Missing a night of sleep forces the body to burn about an extra 161 calories than it would have during eight hours of sleep (not counting what's used in moving around while awake), but it's no weight-loss miracle: The body tries to make up for the deficit by saving more energy than usual the next day and night, researchers report in the January Journal of Physiology.


The measurements, the first to put precise numbers on how much total energy people use in a 24-hour period while asleep, awake or recovering from a night of sleep deprivation, help bolster a theory that an important function of sleep is to save energy (SN: 10/24/09, p. 16).

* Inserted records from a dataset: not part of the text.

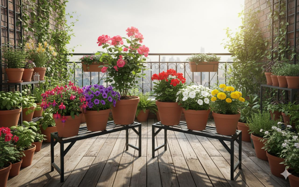 KRAYOG Single-Step Plant Stand & Pot Holder | Black Iron Garden Bench for Roof, Balcony, and Outdoor Use
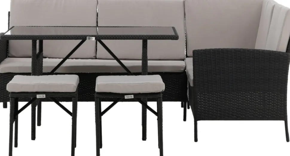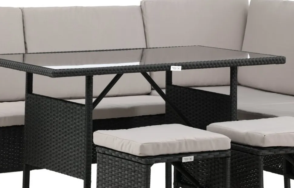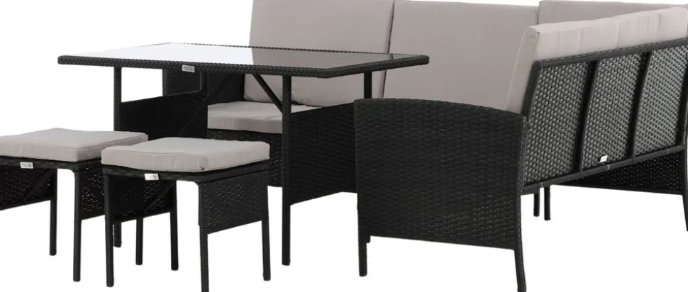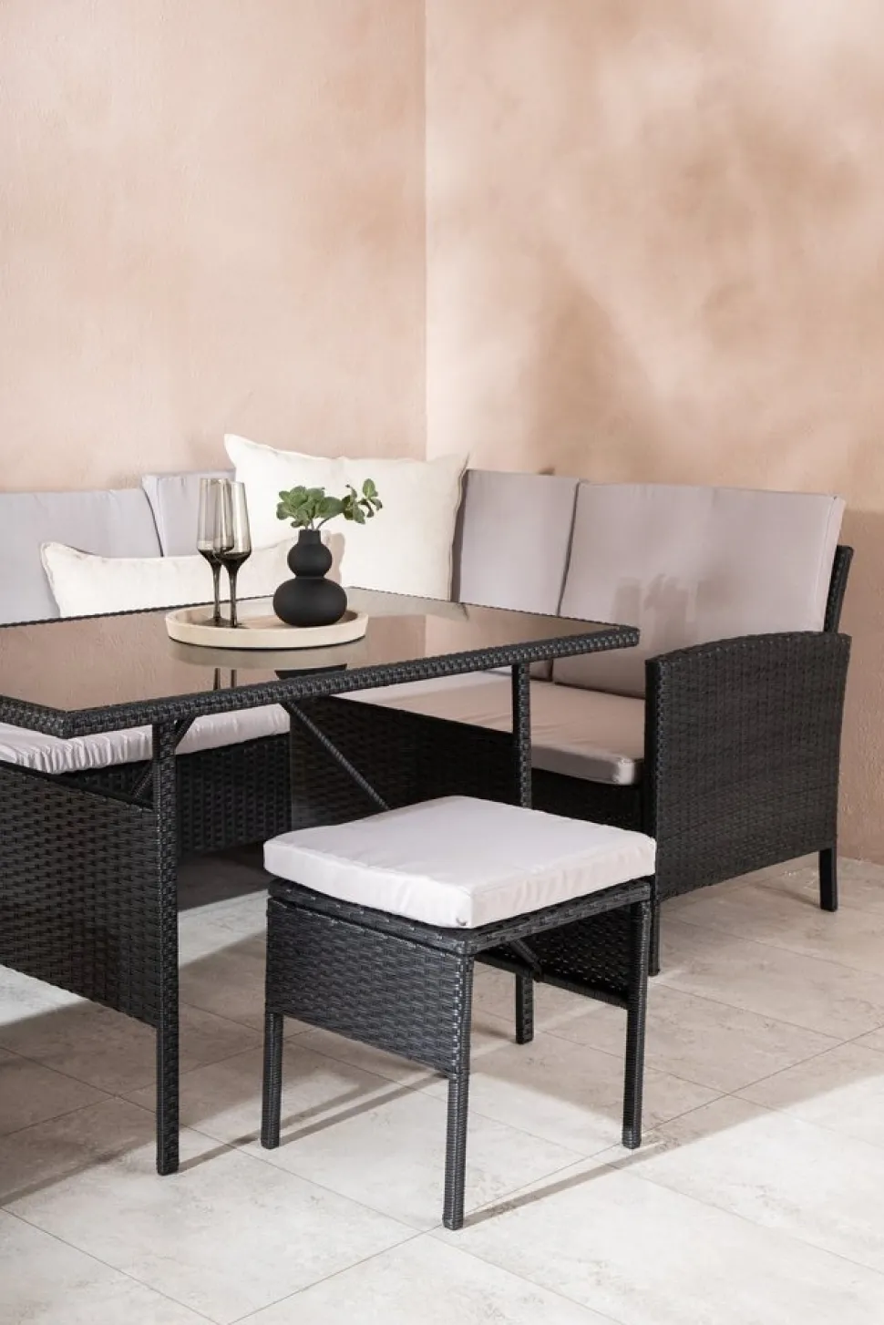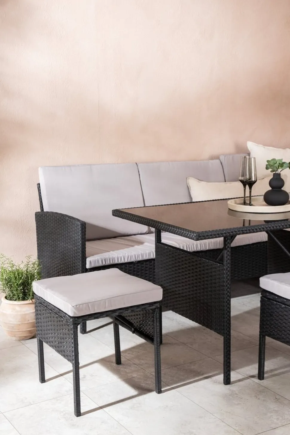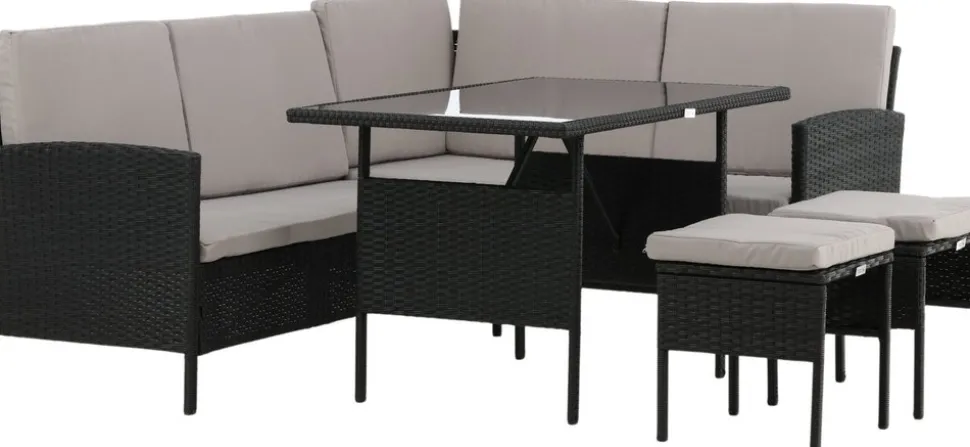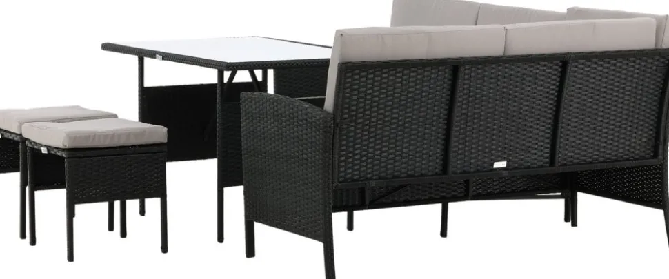 Knock soffgrupp passar utmärkt till din uteplats eller altan och är skapad med fokus på komfort och tidlös deisgn. Soffgruppen består av en hörnsoffa i svart konstrotting med fyra sittplatser och en hörndel, två sittpallar samt ett högre bord i konstrotting med en bordsskiva i glas. Gråa dynor inkluderas till soffgruppen och bidrar till ett inbjudande känsla! Skötselråd: Konstrotting är ett plastmaterial som passar alldeles utmärkt för vårt skandinaviska klimat. Materialet är UV-beständigt och tåler väder och vind. Att det är UV-beständigt gör att möblerna inte bleknas, däremot rekommenderar vi alltid att förvara möblerna under ett möbelskydd eller på annat vis torrt och svalt – för att förlänga livslängden. Se även till att regelbundet rengöra möblerna med milt rengöringsmedel, förslagsvis såpa och vatten, för att hålla damm och smuts borta från fiberväven i materialet.
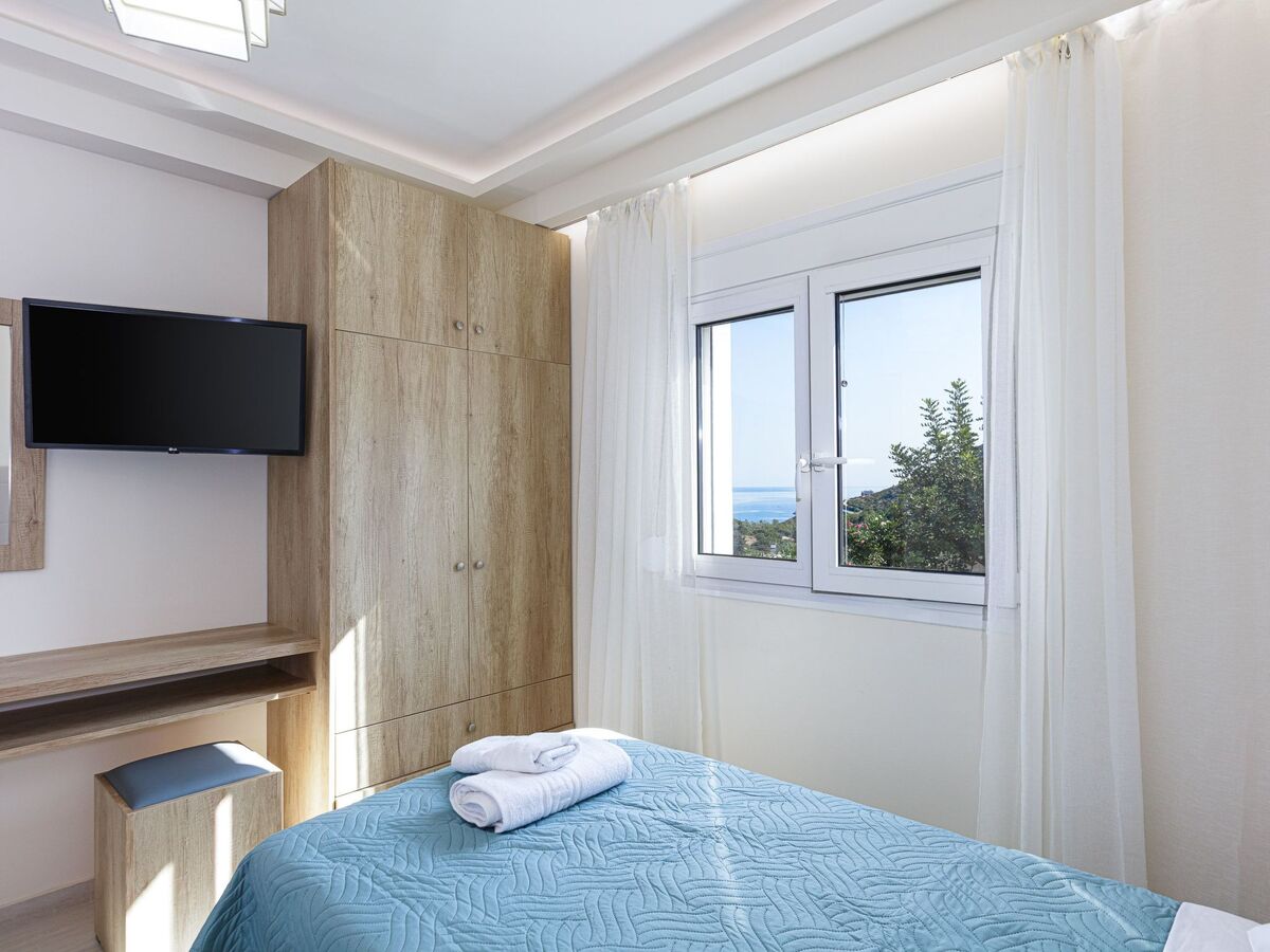 The bedrooms have private balconies, air conditioning, and a safe for guests to enjoy.
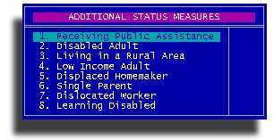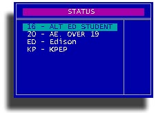 Next is the local Status code. This is a way to mark the student as a member of a group of similar students. Again, you may type the code, press question mark or leave blank to see the validation list. You create the validation list as may be appropriate for your district. See Menu:7.3.3.1.Status Codes
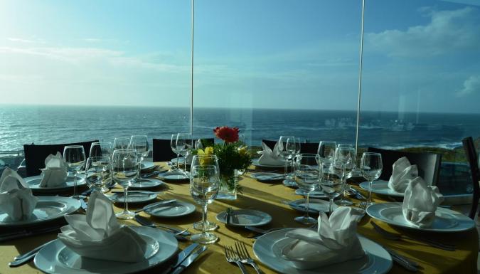 Гости могут отведать изысканные блюда в ресторане, любуясь красками вечернего неба. В непринужденной обстановке бара с телевизором с плоским экраном и зелеными стульями подают напитки.
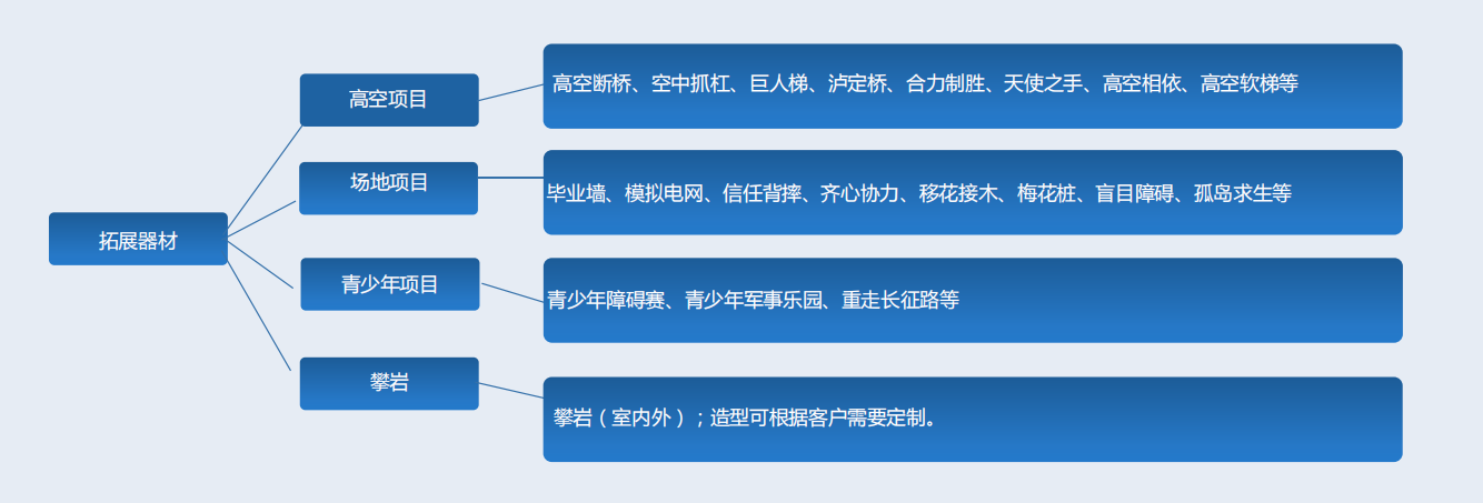 2、項(xiàng)目功能:培養(yǎng)個(gè)體責(zé)任感、奉獻(xiàn)精神,自我挑戰(zhàn)和突破能力;培養(yǎng)行動(dòng)前群策能力,以及調(diào)查研究、認(rèn)真計(jì)劃的精神,學(xué)習(xí)在緊急情況下進(jìn)行有效溝通,激發(fā)創(chuàng)造力;培養(yǎng)在短時(shí)間內(nèi)有計(jì)劃解決問(wèn)題的能力;學(xué)習(xí)目標(biāo)的確立、學(xué)會(huì)為自己負(fù)責(zé),實(shí)現(xiàn)自我監(jiān)控,增強(qiáng)團(tuán)隊(duì)凝聚力;增強(qiáng)個(gè)體的手臂、腰部、腿部力量、身體協(xié)調(diào)能力與平衡力。
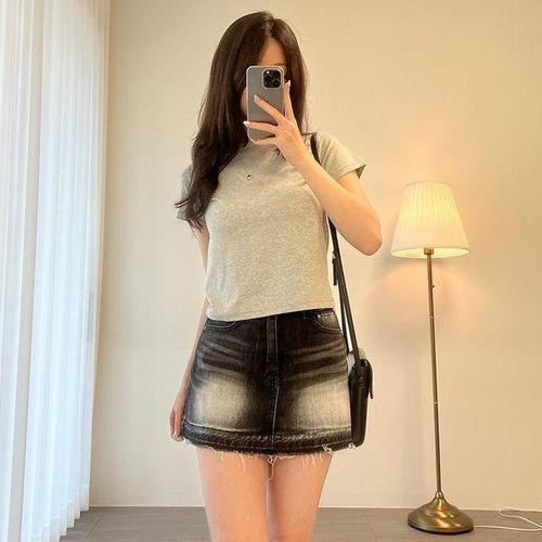 [옷자락]여자 Y2K 컷팅 구제 워싱 블랙데님 장마룩 미니스커트
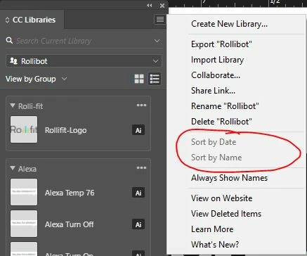 Can you sort the graphic list when performing the relink to cc library? Everytime i have to go through my long list of graphics in my cc library to get what I need. It would be nice if i can sort it alphabetically.
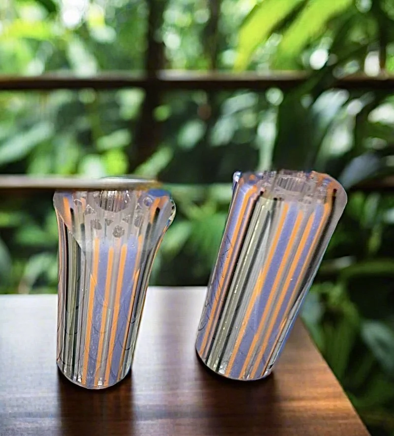This tip has no sales pitch, Just tried and true cutting edge innovation, engineering, craftsmanship and root of it all sacred geometry. Guaranteed to deliver the smoothest least restrictive experience possible. Each and every one of These Flower of Life Tips are Meticulously Cold worked on the same machines diamonds are faceted on beveling the edges making these one the most Paper and Lip friendly glass crutches you have yet to experience. Treating you With a Single main center purge chamber for the surrounding vents to dump into when increased air flow is wanted. These 19 Air vents bring the entire structure together into the Flower Of Life Grid. We are Creating new standard of Luxury Home Goods more so a True standard in World class, luxury, designer glass. This is a very Limited run color way is only done one time with 68 of these ever made from Beginning August 2024 collection all Tips will be hand signed and graded.
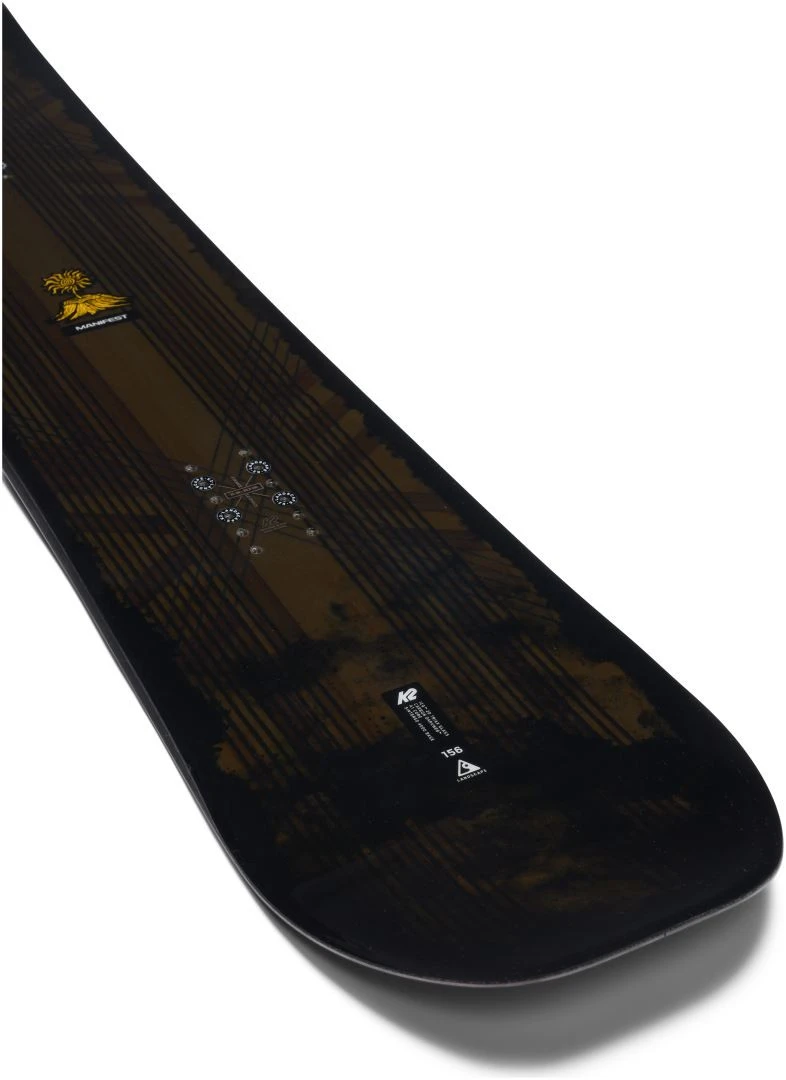 Das K2 Manifest ist ein Medium flex All-Mountain Freestyle Board, dass super ist vielseitig für Reiter mit einem verspielten Stil. Volle Tage im Park, Fahrt durch den Ort oder surfy Linien in dem Pulver zu suchen, dann ist es spielerische Leichtigkeit für die Manifest. Die Richtungsdoppel Form macht die Manifest Schalter ist einfach zu fahren und Parkschalter Länder und Pulver..
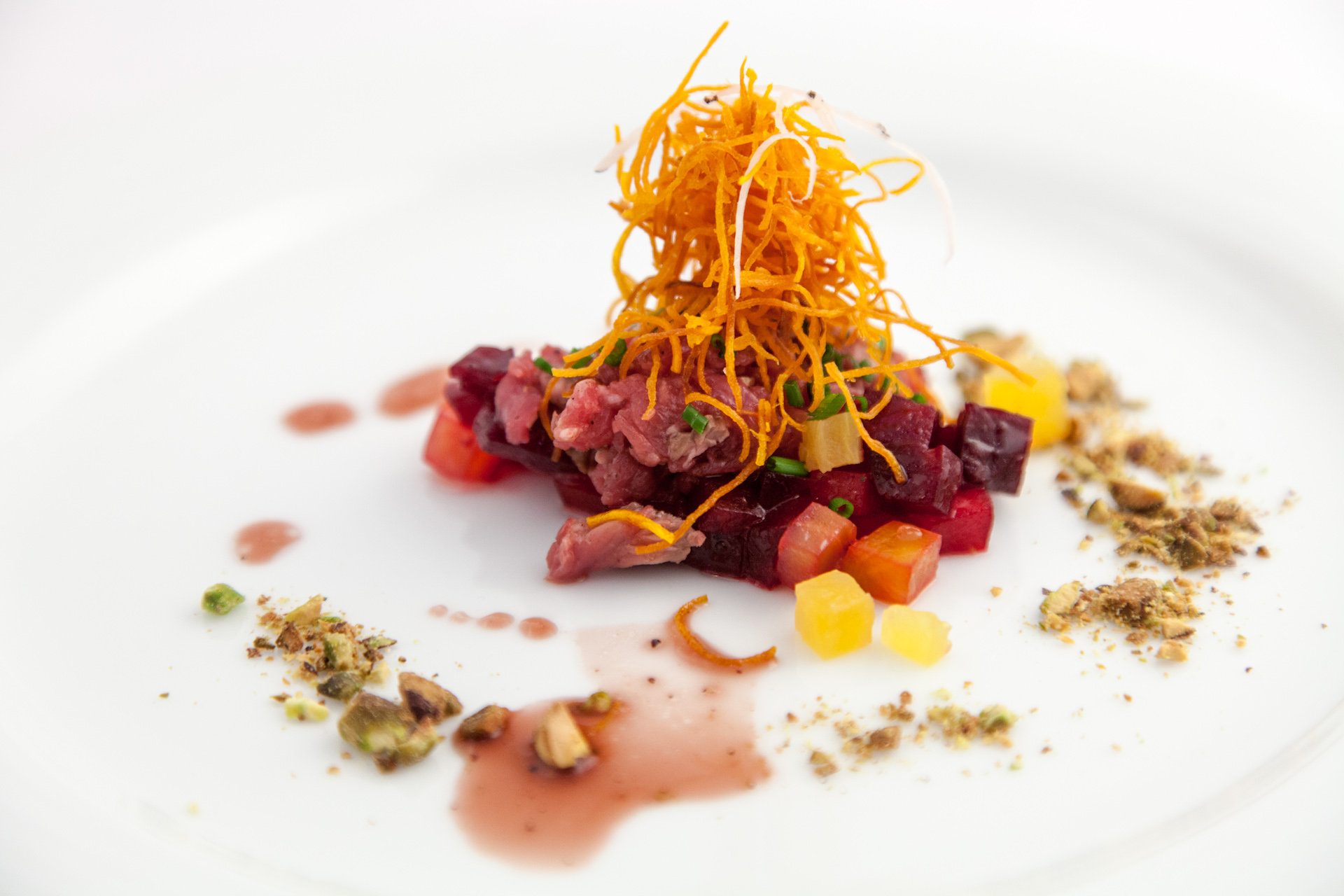 Jamie Stunt opted for a lamb tartare, using mildly-flavoured Abbotsford lamb. He ground some cuts, seared and hand-cut another, then stirred the meat with roasted beets. Toasted pistachios and black radish were other components, alongside deep fried threads of sweet potato for crunch. For richness, he smade a smoked turkey mayonnaise which perfected the balance between the dish and the wine – a most impressive effort.
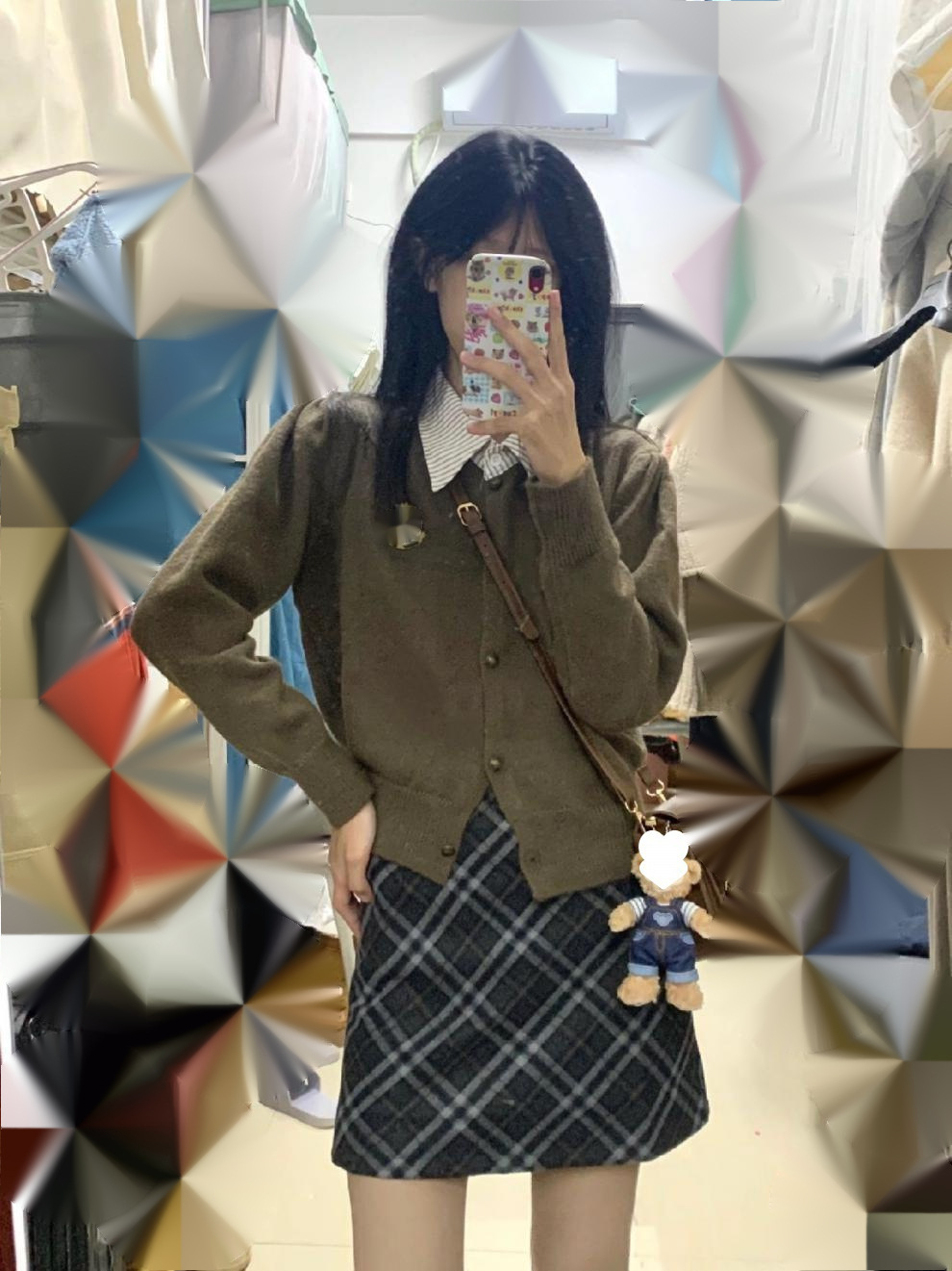 Rok wanita ukuran besar, Rok Wanita gemuk, rok kotak-kotak, rok a-line, rok pendek musim gugur, rok pinggul wanita ukuran besar
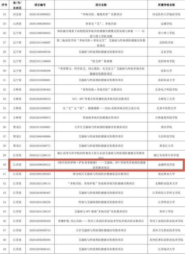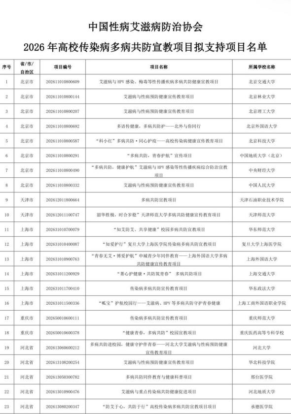 近日,中国性病艾滋病防治协会公布2026年高校传染病多病共防宣教项目拟支持项目名单,教育科学学院《筑牢防控屏障·护佑青春健康》健康宣传教育项目成功入选。

To measure how much energy people use during sleep in a more rigorous way than has been done before, Kenneth Wright, a physiologist at the University of Colorado, and his colleagues studied seven people. Each of the healthy young volunteers lived inside a sealed room for three days. The volunteers were on bed rest the entire time and ate the same amount of calories at the same time each day. The researchers continually monitored the subject's brain waves and how much oxygen and carbon dioxide the person breathed in and out. From there, the team could calculate each person's energy use during each stage of sleep and waking.


"This is a Herculean effort," neurobiologist Paul Shaw of Washington University in St. Louis says of the study. "This will be the gold standard going forward.""


Read more at Wired (Thanks @XxLadyClaireXx)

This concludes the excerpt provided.